Apa yang telah Elvan katakan pada Andara? Apakah Andara sudah mengetahui jika selama ini Elvan hanya ingin membalas dendam akan kematian ibunya? Apakah Andara benar-benar sudah mengetahui hal itu?
Sepertinya semuanya harus terbongkar di sini. Andara harus mengetahui semuanya, saat ini juga.
Bunda Andara kemudian meyusul putrinya. Bunda Andara mengetuk kamar Andara. Sudah tiga kali, namun belum juga ada jawaban.
"Andara, buka pintunya. Kita akan bicara baik-baik," ucap bundanya seraya terus mengetuk pintu kamar Andara.
"Kenapa bunda menyembunyikan semuanya?" Ketukan bundanya pun berhenti.
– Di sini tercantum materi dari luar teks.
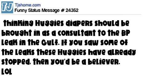 X is thinking Huggies diapers should be brought in as a consultant to the BP leak in the Gulf. If you saw some of the leaks these Huggies have already stopped, then you'd be a believer. LOL

"Karena bunda punya alasan," jawabnya.
Andara membuka pintu kamarnya dan membiarkan bundanya masuk, Andara akan mendengarkan semua cerita bundanya. Inilah saatnya Andara mengetahui semuanya, perempuan itu sudah siap.
"Kamu yakin mau tahu semuanya?" Andara mengangguk mantap, perempuan itu sangat yakin. Semoga apa yang akan ia dengar tidak akan membuatnya kecewa.
Bundanya terlihat sangat gelisah. Andara mengulurkan tangannya dan menggenggam tangan bundanya, hangat. Bunda Andara tersenyum karena merasa sedikit lebih tenang.
Sejujurnya ini adalah luka yang sangat-sangat tidak ingin ia rasakan lagi, oleh karena itu ia menyembunyikan semuanya dari Andara.
Luka tentang dirinya, luka tentang kehidupannya, dan luka tentang rumah tangganya yang saat itu sangat menyakitkan.
Bunda Andara mengusap Puncak kepala Andara, putri kecil yang saat itu ia jaga kini sudah tumbuh dengan sangat cepat, waktu memang sangat tidak terasa.
Karena hadirnya sosok Andara, bundanya merasa lukanya hampir hilang, karena sosok Andara juga bundanya kuat bertahan hingga saat ini.
Bunda Andara tersenyum kemudian mulai bercerita seraya menggenggam terus tangan putrinya.